Life in the Dublin suburbs is so depressing it must be filmed in black and white. At least the big city has color. There is also considerable danger for two innocent runaways getting their first taste of street life in Lance Daly’s Kisses (trailer here), which opens this Friday in New York.
Thanks to his abusive father, Dylan’s day-to-day life is worse than his neighbor Kylie’s. However, when her sexual molester uncle visits, all bets are off. One fateful day, Dylan gets into a knock-down drag-out row with dear old dad, escaping only through Kylie’s timely intervention. Before they can really think things through, they have hopped a barge heading down the river to the beckoning city.

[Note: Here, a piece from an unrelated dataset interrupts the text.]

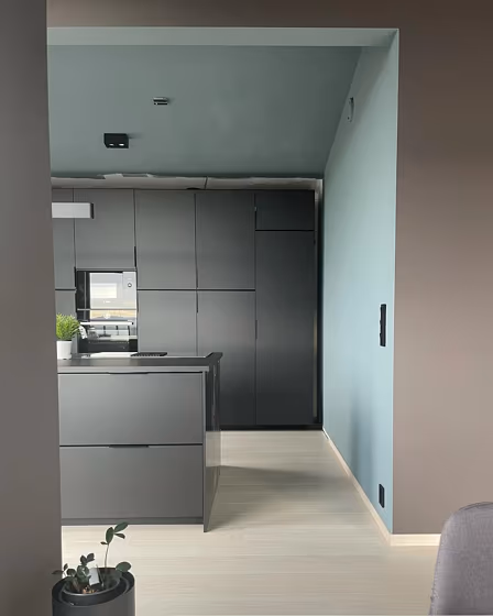 This color scheme is a combination of two shades that are opposite each other on the color wheel. The high contrast between these colors creates a vibrant and dynamic visual effect. For the color Serene Blue with a green hue, complementary colors are those with a red hue close to 0, such as Jotun Deep Soil and Daydream.

Initially, the runaways are energized by Dublin’s vitality. Of course, as night falls, reality sets in. Yet, the two youngsters take strength from each other, while dodging sundry criminals and deviants. All the while, Bob Dylan, Dylan’s namesake, starts to take on talismanic significance for the lost preteens.

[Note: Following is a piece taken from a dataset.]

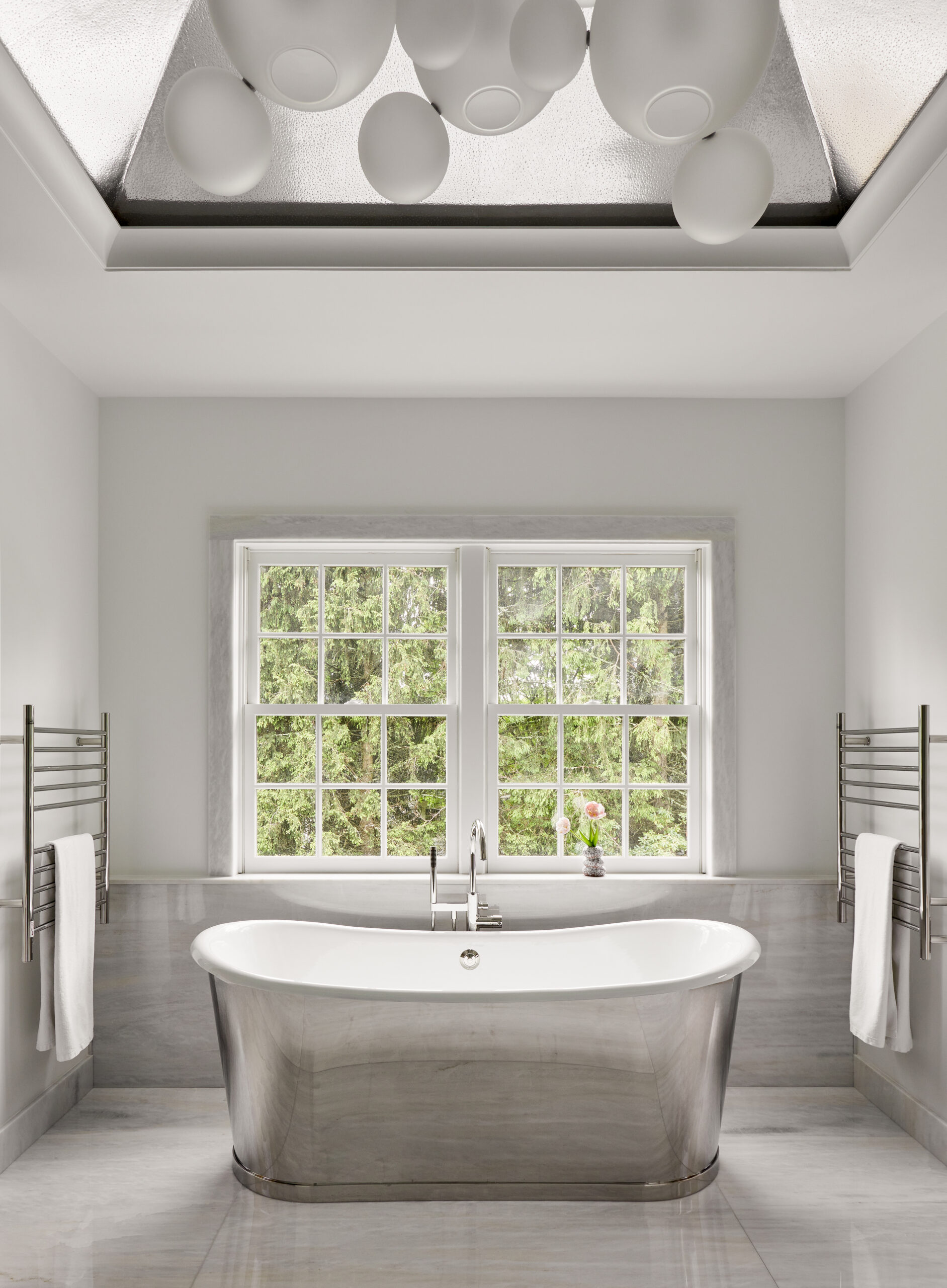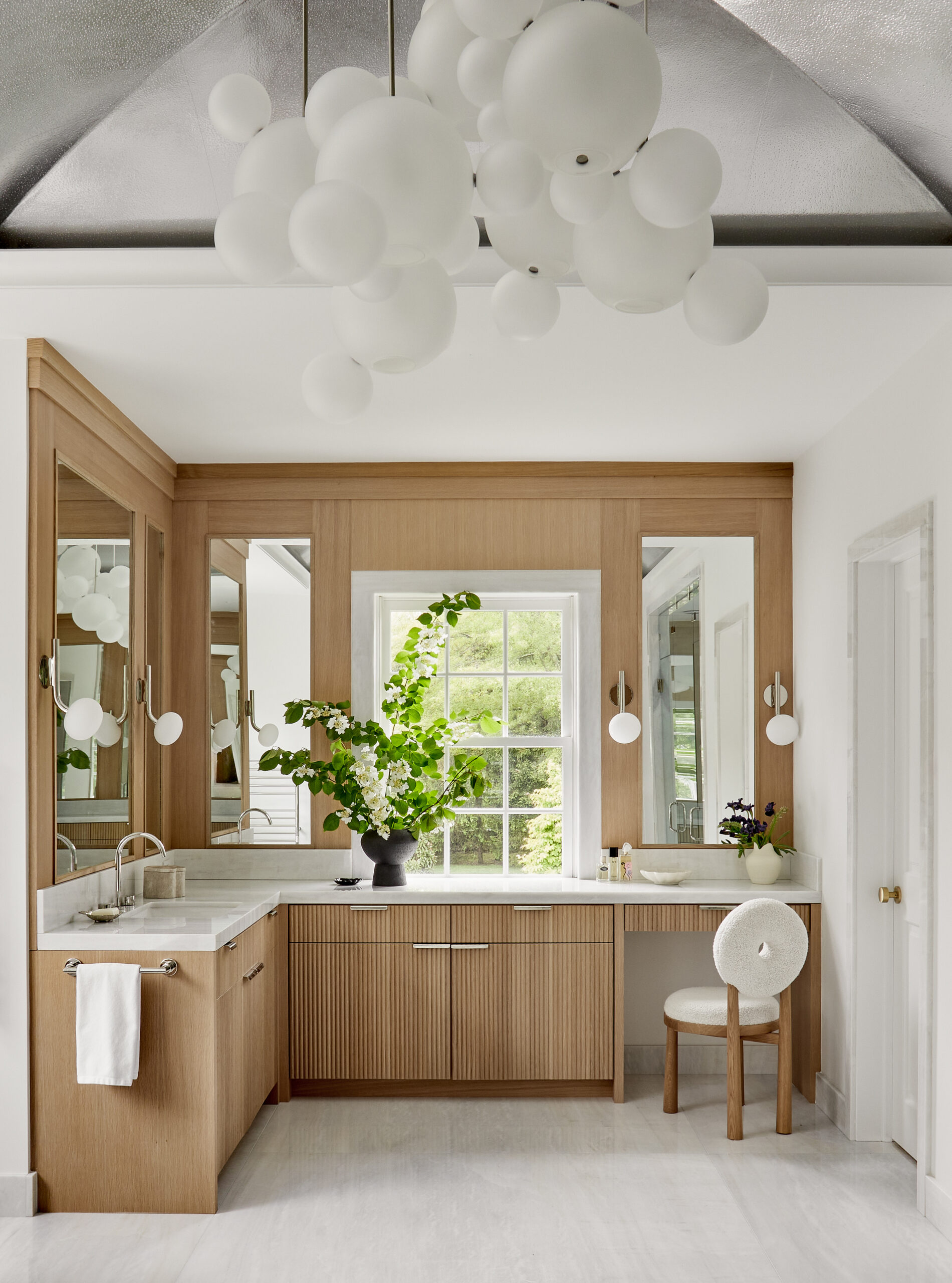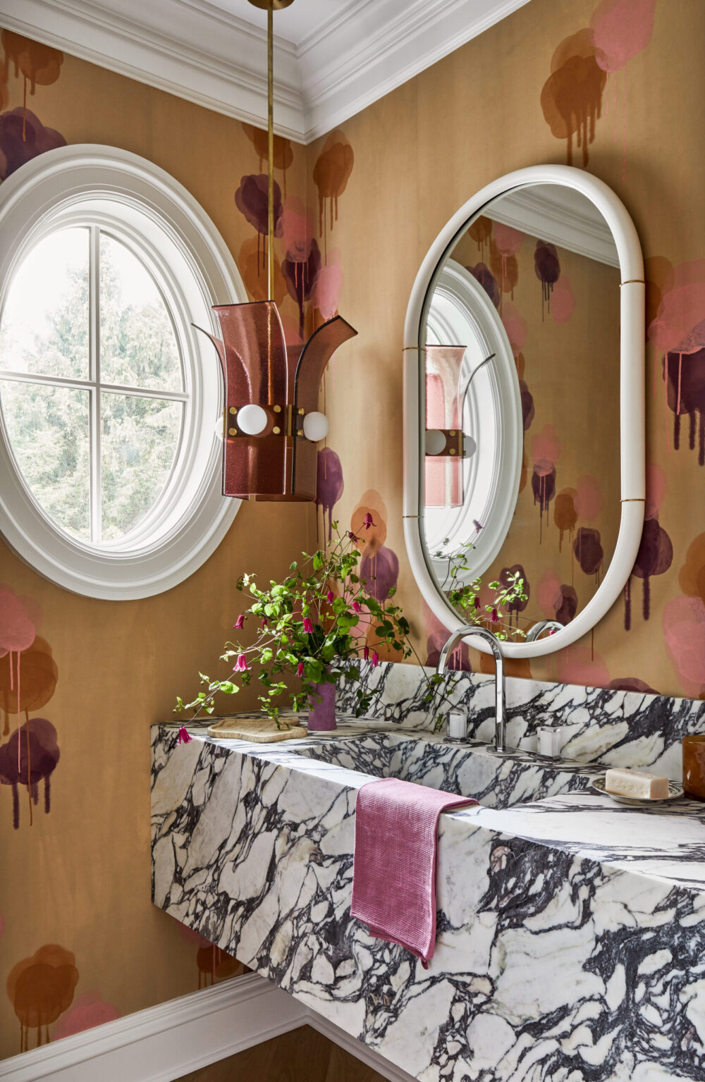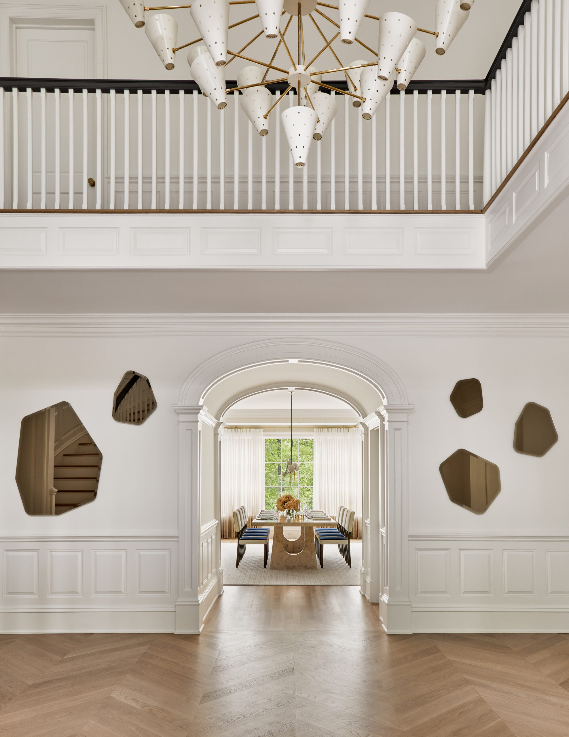 This Greenwich residence blends traditional elegance with bold, contemporary style. Sun-drenched interiors, chevron wood floors, and artful details give the space a mix of sophistication and personality. From a chic pink closet to moody masculine retreats, vibrant pops of color flow seamlessly throughout.

Coming late to the party, Kisses follows a bumper crop of resourceful kids-on-their-lonesome films, like the vastly superior Treeless Mountain and the perfectly respectable Children of Invention. In truth, Daly breaks no new ground with his runaway tale, recycling a number of clichés along the way. However, Shane Curry and Kelly O’Neill are surprisingly compelling as Dylan and Kylie. In their debut performances, they never seem affected or self-conscious on-screen, showing some legitimate chemistry together.
Since there seems to be an Irish law mandating the presence of either Stephen Rea or Colm Meaney in every cinematic export, Kisses fulfills its duty with a Rea cameo as a Bob Dylan impersonator. In fact, he is pretty cool in the scene. However, the film itself is largely lost by this point in a disturbing sea of nocturnal predators, making Kisses definitely inappropriate for younger viewers.
There is a sweet purity to Dylan and Kylie’s relationship that is ultimately redemptive. While Curry and O’Neill prove to be fine actors, Kisses is so joyless, it is never able to overcome Daly’s been-there-done-that storyline. Notable mostly for the promise of its young leads, Kisses opens Friday (7/16) in New York at the Angelika.